His gaze is all polished concern again. "Try to relax," he says. "You’re safer now than you’ve ever been."

The worst part is, I think he believes it.

I walk out of the office with a convicted felon at my back and a billionaire’s promise wrapped like barbed wire around my throat, and for the first time in my small, carefully unobtrusive life, I understand what it feels like to be visible.
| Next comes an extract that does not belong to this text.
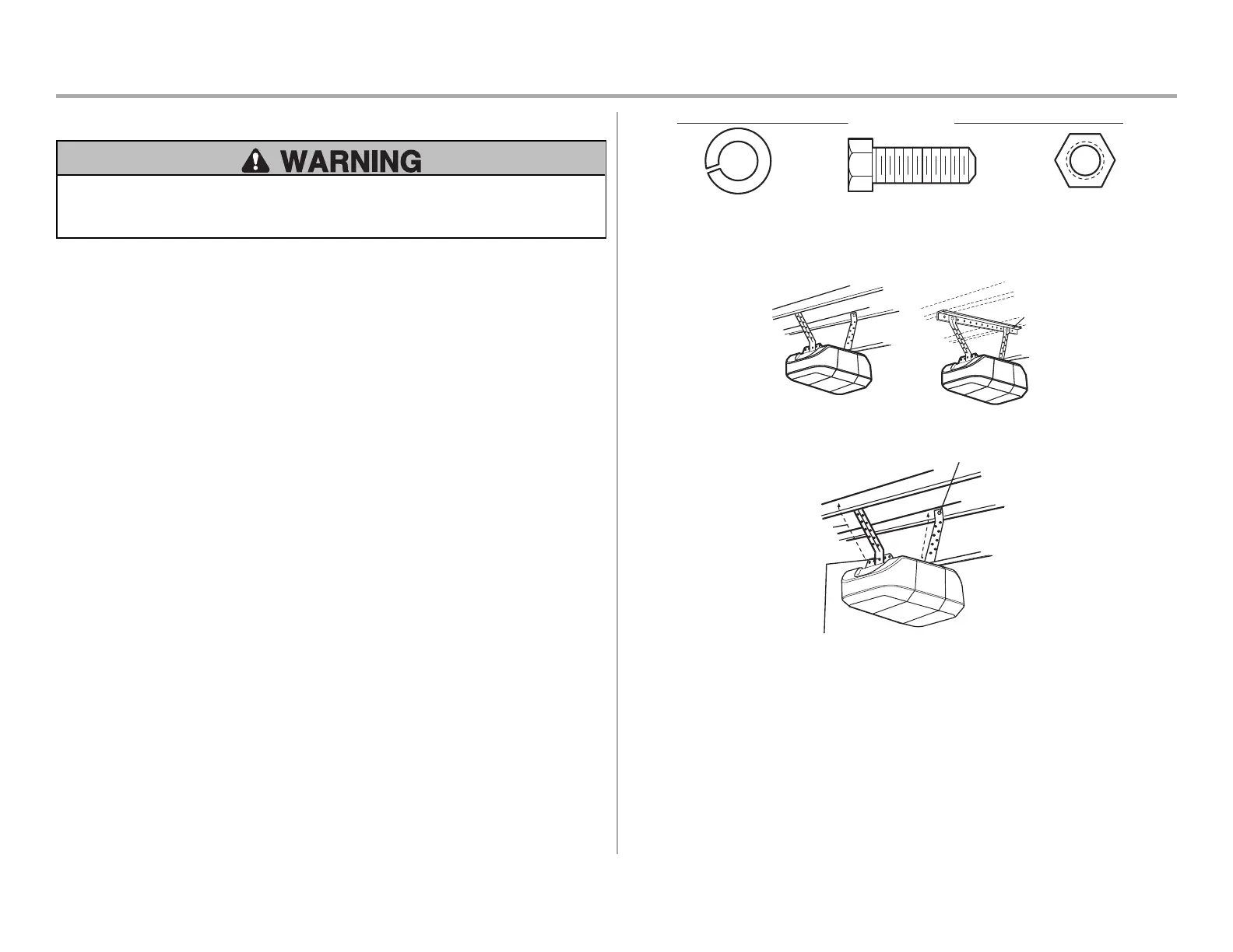 supports before installing the opener. This bracket and fastening hardware are not provided.

In the elevator, it’s just the two of us. The air between us feels thick, charged. I can feel his attention like heat on my skin, even though he’s standing a deliberate step away.

"So," he says at last, eyes on the descending numbers. "Tessa Ward. Guess we’re stuck with each other."

I swallow hard and force myself to meet his reflection in the mirrored doors.

"Are you going to keep me safe," I ask quietly, "or just make sure I die on schedule?"

His gaze cuts to mine, sharp and startled, like he didn’t expect me to have teeth.

For a breath, neither of us looks away.

"Depends," he says, voice low, something dangerous curling around the word. "On whose schedule you think you’re on."

The elevator dings. The doors slide open.

He gestures for me to step out first, his expression unreadable. I do, every cell in my body braced, wondering which will be worse: the danger outside, or the man they’ve put between me and it.